Apple appears to be leading the current charge. At the company’s Worldwide Developers Conference in early June, it prioritized new health-related content for its smartwatch, especially the fitness-tracking improvements made possible by the device’s LTE connectivity.

The company also teased upgrades for its in-progress Apple Health Records feature, which could soon become a separate application of its own. Indeed, since early summer, the company’s Health Records API has been opened up to all comers, allowing developers more freedom to create apps and experiences. As of mid-August, 78 hospitals and hospital systems had signed on to become a part of Apple’s Heath Records ecosystem.

Just as crucially, Apple has reportedly sat down with Aetna and other insurers to attempt to lower the cost of its advanced wearables. It is also developing tools to help both patients and medical researchers manage the tremors and dyskinesia experienced by Parkinson’s disease patients.
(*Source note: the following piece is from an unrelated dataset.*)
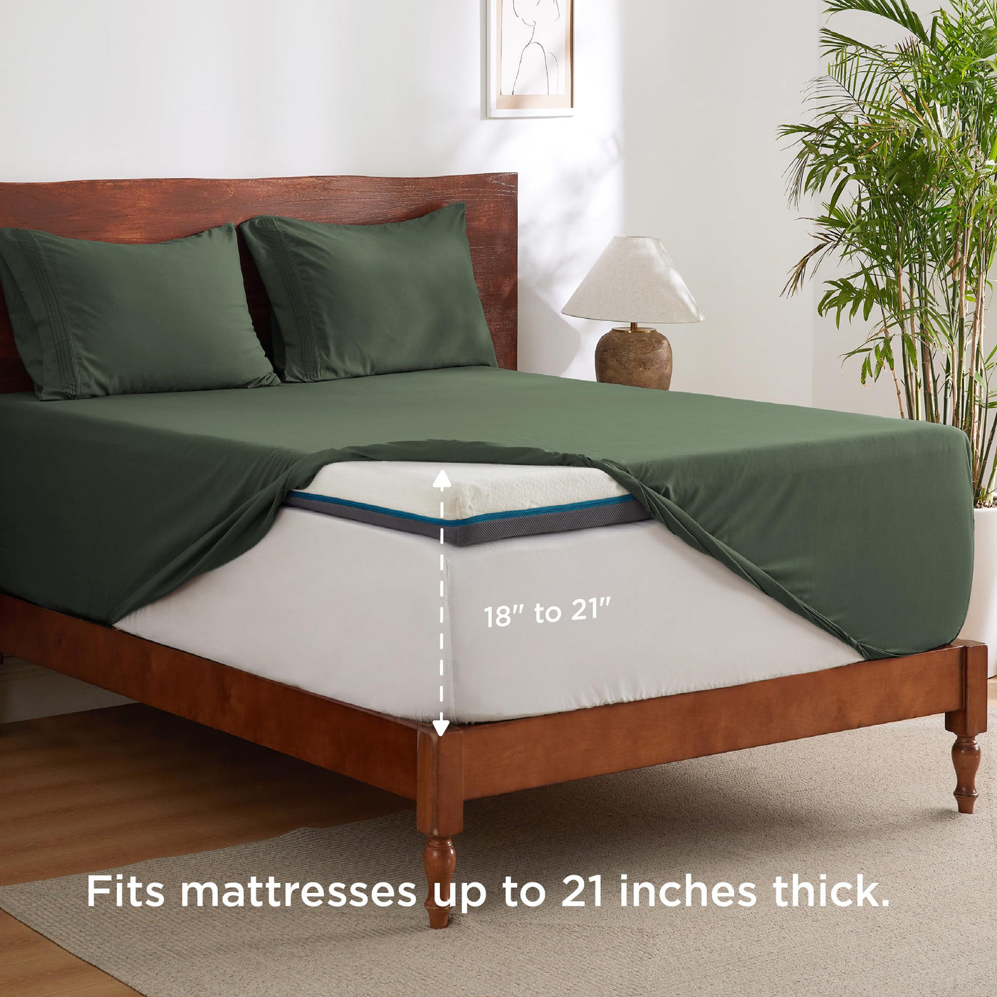 Bedsure Gentlesoft Deep Pocket Twin Sheets Set - Fits Mattresses Up To 21 Inches Thick -3 Piece Bed Sheets, Moisture Wicking, Soft & Cooling Bedsheets & Pillowcases, Easy & Secure Fit, Olive Green

And then there’s Fitbit, whose recently released Versa smartwatch offers a women’s health tracking feature. The company claims the feature has amassed more than 2 million users.


Researchers dive in

All of this suggests makers of wearables with advanced health features are on board with the program. Is the industry ready to take advantage?

Concerns remain. For wearables to play a primary role in clinical research, their data would need to be validated. There’s also frustration with the FDA’s lack of concrete direction. Earlier this year, the organization issued a guidance on the types of software that are and aren’t considered medical devices. Not surprisingly, clinicians want more.
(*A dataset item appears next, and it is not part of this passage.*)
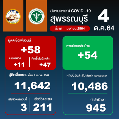 สำหรับสถานการณ์โรค COVID-19 จังหวัดสุพรรณบุรี วันนี้มีผู้ติดเชื้อ 58 ราย รวมยอดจำนวนที่พบเชื้อสะสมระรอกใหม่ตั้งแต่ 1 เมษายน 2564 ถึงปัจจุบัน 11,642 ราย และรักษาหายแล้ว 10,486 ราย คงเหลือกำลังรักษาอีก 945 ราย มีเสียชีวิตเพิ่มวันนี้ 3 ราย เสียชีวิตสะสม 211 ราย และรักษาหายแล้วกลับบ้าน 54 คน

Boosters point to existing and potential benefits, including the ability to monitor certain functions continuously; a jump in the accuracy of patient-reported data; an increase in trial subject retention; and a drop in trial costs (due to a reduction in the volume of in-person clinic visits).
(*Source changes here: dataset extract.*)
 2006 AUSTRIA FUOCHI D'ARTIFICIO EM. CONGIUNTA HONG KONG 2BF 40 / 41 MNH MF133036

The research community points to two of several clinical studies that tap wearable devices for data on motor symptoms and seizures capturing attention.

BioSensics, a developer of wearable sensors for use in clinical research, received a grant from the National Institutes of Health for HDWear. The program, designed to facilitate continuous monitoring of motor symptoms in Huntington’s disease patients, also boasts a research component: In tandem with the University of Rochester Medical Center, BioSensics will evaluate HDWear “for detecting pharmacological response to anti-chorea medication or subtle motor abnormalities in the premanifest stage of Huntington’s disease,” according to a BioSensics statement.

“Huntington’s patients often have to travel long distances to be seen by clinicians. Travel can be difficult both physically and financially for them and their caregivers,” Dr. George Yohrling, the Huntington’s Disease Society of America’s senior director of mission and scientific affairs, said in the statement. “The development and eventual integration of wearable biosensors would allow for remote monitoring of a patient’s motor symptoms.”

Then there’s the similarly ambitious Johns Hopkins EpiWatch study and app for epileptics. The EpiWatch app for the Apple Watch will help patients and their caregivers track seizures and triggers, medications, and side effects.

The study, which began nearly three years ago, uses data from the Apple Watch’s gyroscope and heart rate accelerometer to track movement and shifts in heart rate during seizures. Its initial findings helped Johns Hopkins University and its tech and data partners create the app.

“Physicians often ask patients to record their seizures. But that can be hard, especially when a patient loses consciousness,” Gregory Krauss, M.D., professor of neurology at the Johns Hopkins University School of Medicine, said in a statement. “EpiWatch collects data that helps researchers better understand epilepsy, while helping patients keep a more complete history of their seizures.”